When we spoke in his office, Boteach repeated an argument that he first made debating Christopher Hitchens in the early 2000s, about whether morality is objective. “In one of my debates with Hitchens I said to him… ‘[I]s a man allowed to beat his wife? Or is that absolutely wrong?’ ” Then he asked me, “Can you think of a situation where a man can beat his wife?” I had not yet learned about the allegations against his father, so I didn’t make the connection. But neither did he. “Is there any scenario the mind could conjure up that that would be acceptable? Any scenario?” he went on. “The answer is no. So, that means it’s absolutely wrong, it’s always wrong, under all circumstances and all conditions. And that’s an admission of absolute morality.”
It’s not necessarily, of course; it could simply be an acknowledgment of social consensus. In quieter moments, Boteach seems less rigidly attached to absolutes—at least when it comes to himself.
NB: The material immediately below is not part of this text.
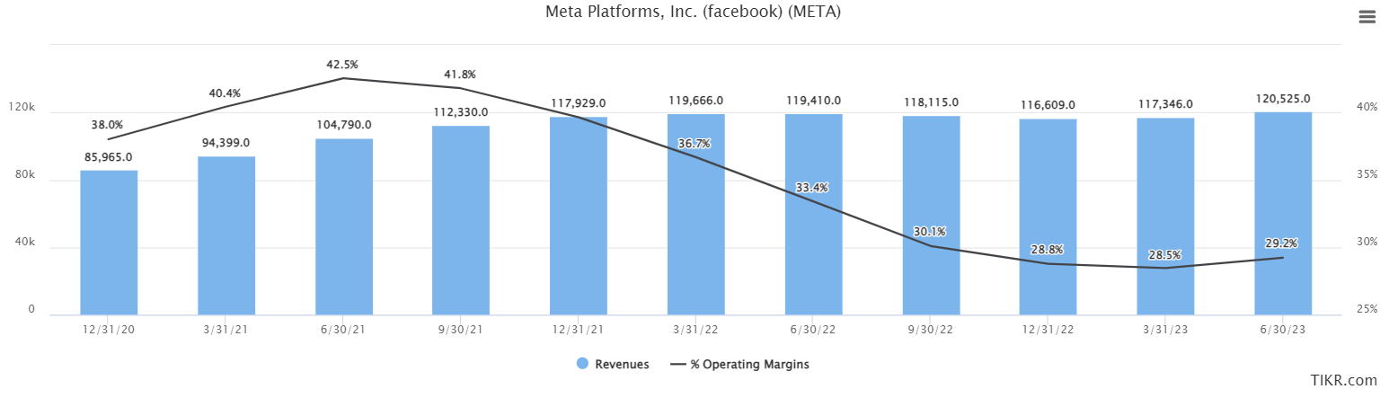 Meta was caught up in pandemic-driven demand for all things digital, as were many other tech companies of all shapes and sizes. That meant profligate spending with a devil-may-care attitude. The problem is that revenue growth essentially stopped, so the company’s profit margins had to shrink. What do you get with a tech company that has flat revenue and falling margins? You get a much lower share price, and that’s what Meta saw in 2022.

When we spoke for the first time in his office in Englewood, he told me how Chabad differed from the cult his mother originally believed it to be. “The goal of Chabad is personal empowerment, to internalize Jewish convictions and to live in a place where you can spread them,” he said. I asked if he thought it had helped him heal from the pain of his parents’ divorce. “Well, I was hoping it would, and, yeah, it did,” he said, before continuing: “I don’t think the healing was very deep, because I don’t think I’ll ever be healed. I’ve kind of come to that understanding and conclusion that I will never fully heal, and that my life is a different mission therefore—it’s a different calling—that my life is going to be about battling my nature at all times, and fighting the darker emotions at every opportunity. … If you’re healed, then you just live life—it’s uncomplicated, it’s all pretty. That’s just not me.”